→ **Data section**:
Content starts

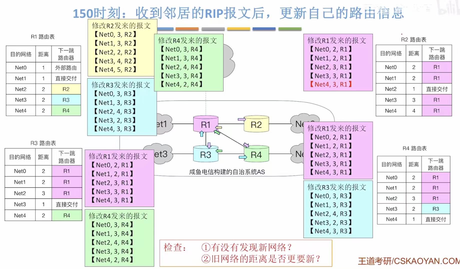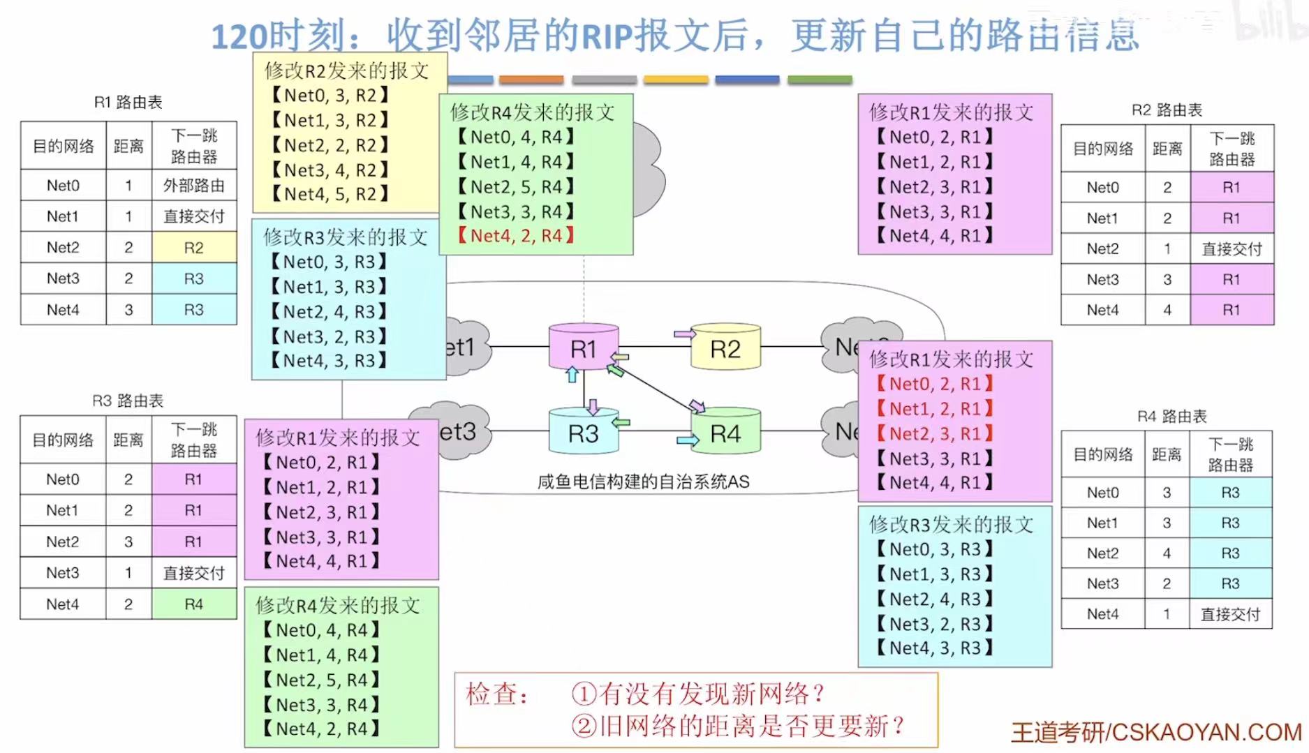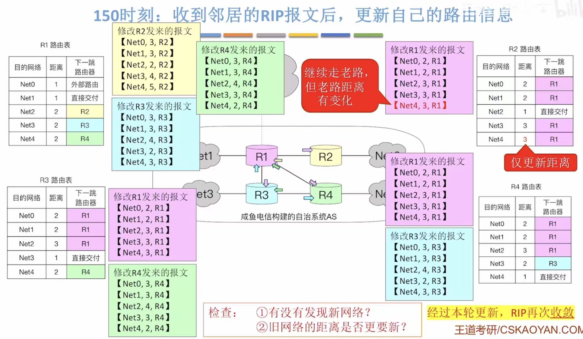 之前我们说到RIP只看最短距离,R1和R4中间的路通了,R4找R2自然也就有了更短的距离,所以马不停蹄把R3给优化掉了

Content ends
Content starts

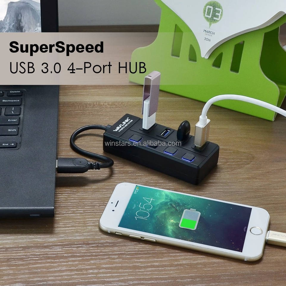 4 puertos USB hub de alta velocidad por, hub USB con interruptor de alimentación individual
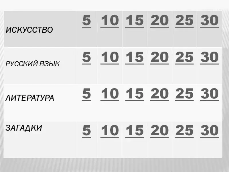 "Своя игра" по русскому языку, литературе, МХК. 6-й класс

Content ends
Content starts

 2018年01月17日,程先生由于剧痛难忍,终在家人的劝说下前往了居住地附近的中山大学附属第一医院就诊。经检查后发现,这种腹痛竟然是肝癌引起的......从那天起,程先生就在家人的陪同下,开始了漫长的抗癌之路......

Content ends

→ **What needs to be done**: The lines above from the line with "4 puertos USB" through the line with "МХК. 6-й класс" are to be given again word for word, with no pictures among them.

→ **Solution for this task**:
 4 puertos USB hub de alta velocidad por, hub USB con interruptor de alimentación individual
 "Своя игра" по русскому языку, литературе, МХК. 6-й класс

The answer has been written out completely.